La investigación -declaró la experta- «ha pasado por todas las etapas», desde los primeros estudios en animales de laboratorio, «hasta los más recientes que hemos tenido, que son los ensayos clínicos Fase II, donde hemos tratado de ir a localizaciones específicas».
La líder del proyecto hizo énfasis en «un tipo de terapia que es muy segura». Los efectos adversos de la vacuna, dijo, son escasos y tolerables: «Por tanto, son elementos muy manejables y que permiten que este candidato se pueda combinar incluso con las terapias convencionales, sin incrementar la toxicidad». Es un producto -resaltó la miembro titular de la Academia de Ciencias de Cuba- que puede tener «múltiples aplicaciones».
Sin obviar que se está todavía en fase de investigación -reflexionó la científica-, es bueno enunciar que entre los pacientes que han recibido el candidato en el marco del ensayo clínico, muchos de ellos han mostrado efectos significativos, y para bien, en la calidad de vida.
La experta habló a los reporteros sobre pacientes que «han tenido respuestas completas», incluso en casos que se encontraban en estadios avanzados.
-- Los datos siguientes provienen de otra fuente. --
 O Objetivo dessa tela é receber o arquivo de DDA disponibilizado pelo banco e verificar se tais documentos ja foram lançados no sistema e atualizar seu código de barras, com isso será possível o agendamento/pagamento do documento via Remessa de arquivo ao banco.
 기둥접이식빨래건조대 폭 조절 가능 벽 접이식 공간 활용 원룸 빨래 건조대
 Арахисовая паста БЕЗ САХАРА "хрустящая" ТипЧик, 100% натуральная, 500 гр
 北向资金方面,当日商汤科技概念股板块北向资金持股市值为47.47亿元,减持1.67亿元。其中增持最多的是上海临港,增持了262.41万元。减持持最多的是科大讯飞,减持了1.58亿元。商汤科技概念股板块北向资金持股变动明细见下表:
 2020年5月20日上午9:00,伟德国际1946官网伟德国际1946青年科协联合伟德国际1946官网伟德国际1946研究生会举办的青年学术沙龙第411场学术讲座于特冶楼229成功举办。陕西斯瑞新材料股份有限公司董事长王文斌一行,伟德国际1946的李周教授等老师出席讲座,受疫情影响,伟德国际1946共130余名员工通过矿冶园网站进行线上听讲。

Ella recordó que Cuba tiene «una agencia regulatoria que es muy fuerte; y, por lo tanto, tenemos que ir demostrando ese grupo de evidencias, para pasar a nuevas etapas».
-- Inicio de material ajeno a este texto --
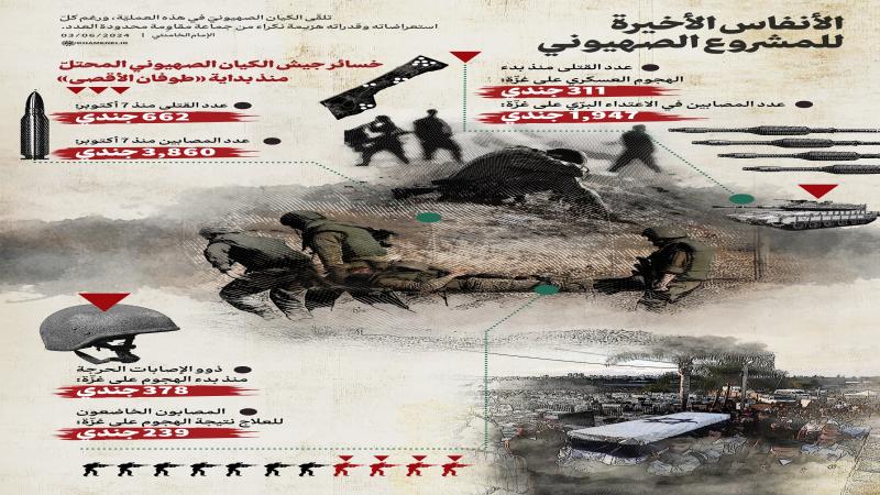 ينشر موقع KHAMENEI.IR الإعلامي إنفوغرافاً يعرض بالأرقام والإحصائيات خسائر جيش الكيان الصهيوني المحتلّ منذ بداية «طوفان الأقصى».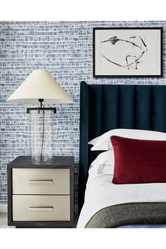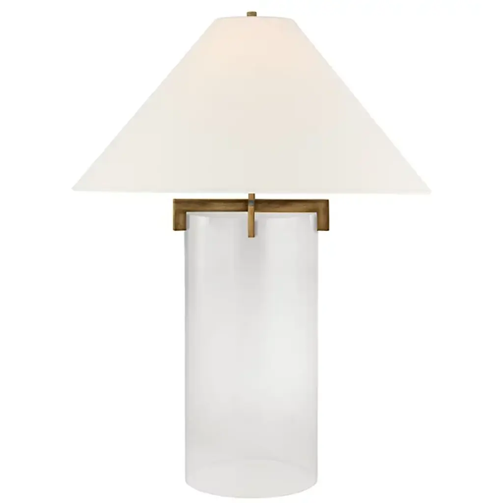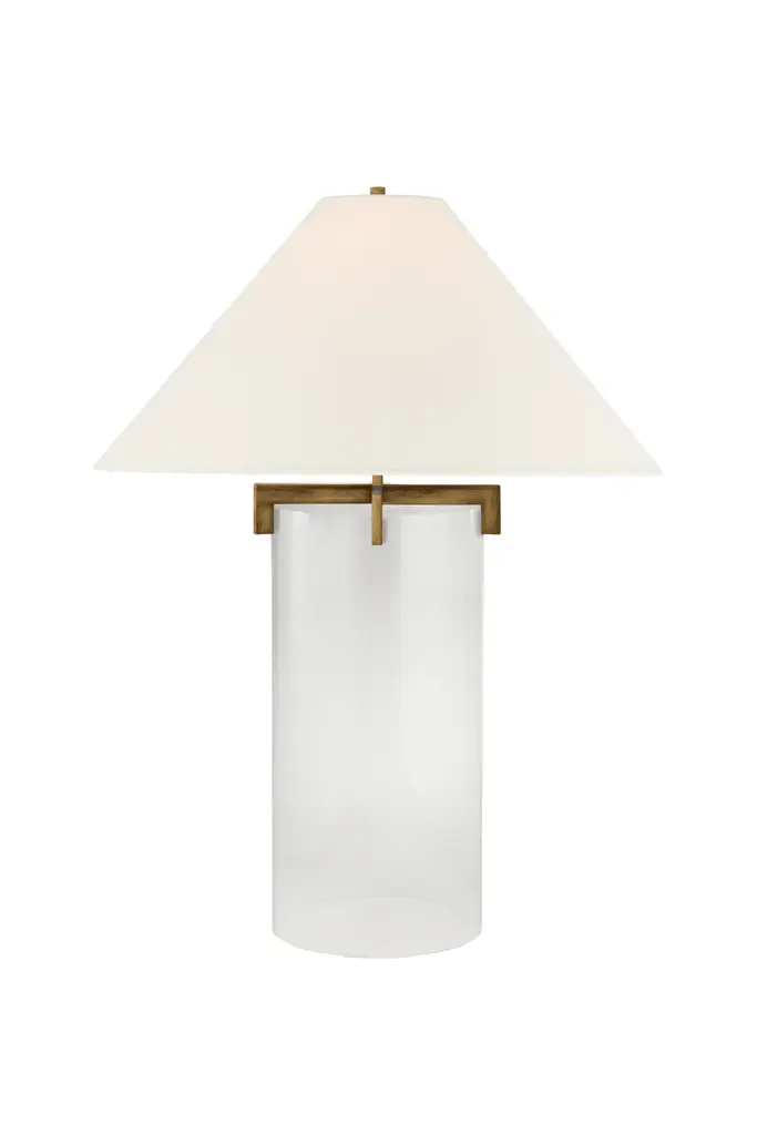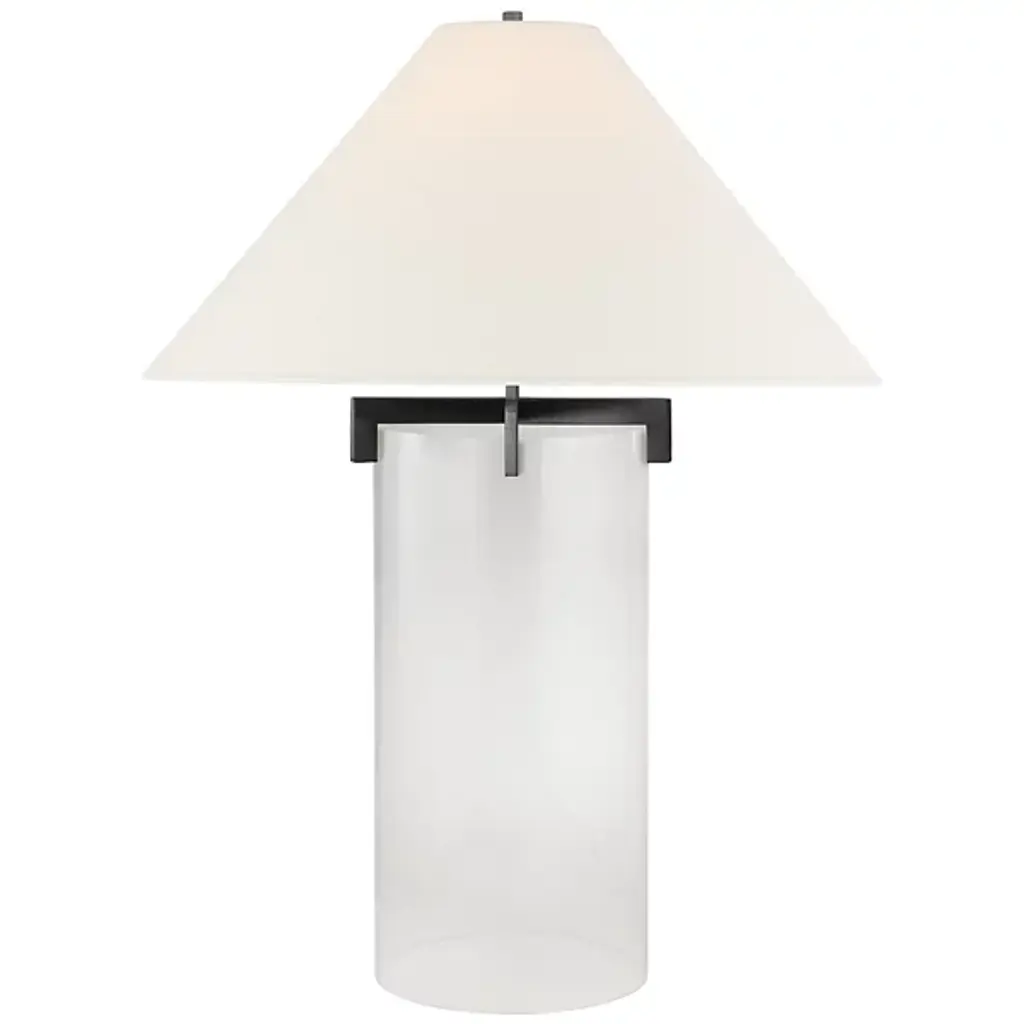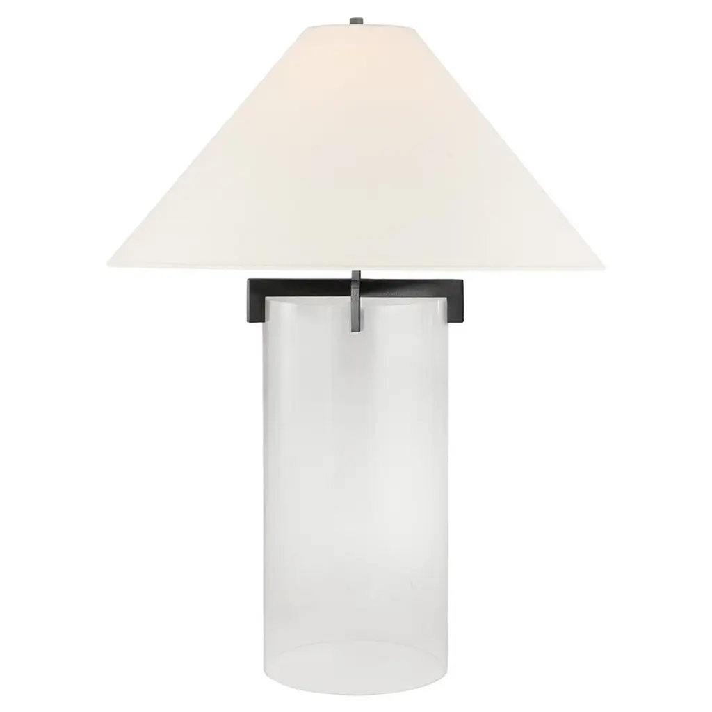 Brooks shows sleek modern lines with a completely clear, transparent crystal base, a cream linen shade and black iron finishings. Designed by J. Randall Powers, Brooks suits smart contemporary interiors, adding sculptural interest and clever visual play with its transparent base.

La líder del proyecto viajó al futuro, imaginó tratamientos desde la Atención Primaria de Salud, y expresó desde la pasión y la modestia: «Tenemos la confianza en que este candidato va a seguir con todas las etapas correspondientes, y que puede formar parte de ese arsenal que está necesitando la terapia del cáncer, para poder tener mejores resultados».
OTRAS VOCES DEL EQUIPO
«HEBERSaVax es un producto con el cual muchos clínicos se sentirían muy confiados», afirmó a los periodistas el investigador clínico Julio César Hernández Perera, especialista en Medicina Interna y miembro titular de la Academia de Ciencias de Cuba.
Él, que forma parte de esta investigación llena de esperanzas, habló en términos de «un producto de la biotecnología cubana, fruto de muchas investigaciones», que tiene «la particularidad de que es único en el mundo».
El investigador y Profesor Titular también hizo hincapié en que se trata de «un producto muy seguro», porque «en los estudios clínicos que se han realizado, los pacientes han hecho evidente que HEBERSaVax es muy tolerable».
Julio César Hernández Perera no descarta que en un futuro el producto pueda ser aplicado «en muchos tumores sólidos, pues tiene una alta expresión en esa proteína que favorece el crecimiento y la diseminación del tumor». Y en la misma línea de pensamiento destacó ventajas como «la baja toxicidad, o la posibilidad de poder utilizar el producto en pacientes con múltiples comorbilidades».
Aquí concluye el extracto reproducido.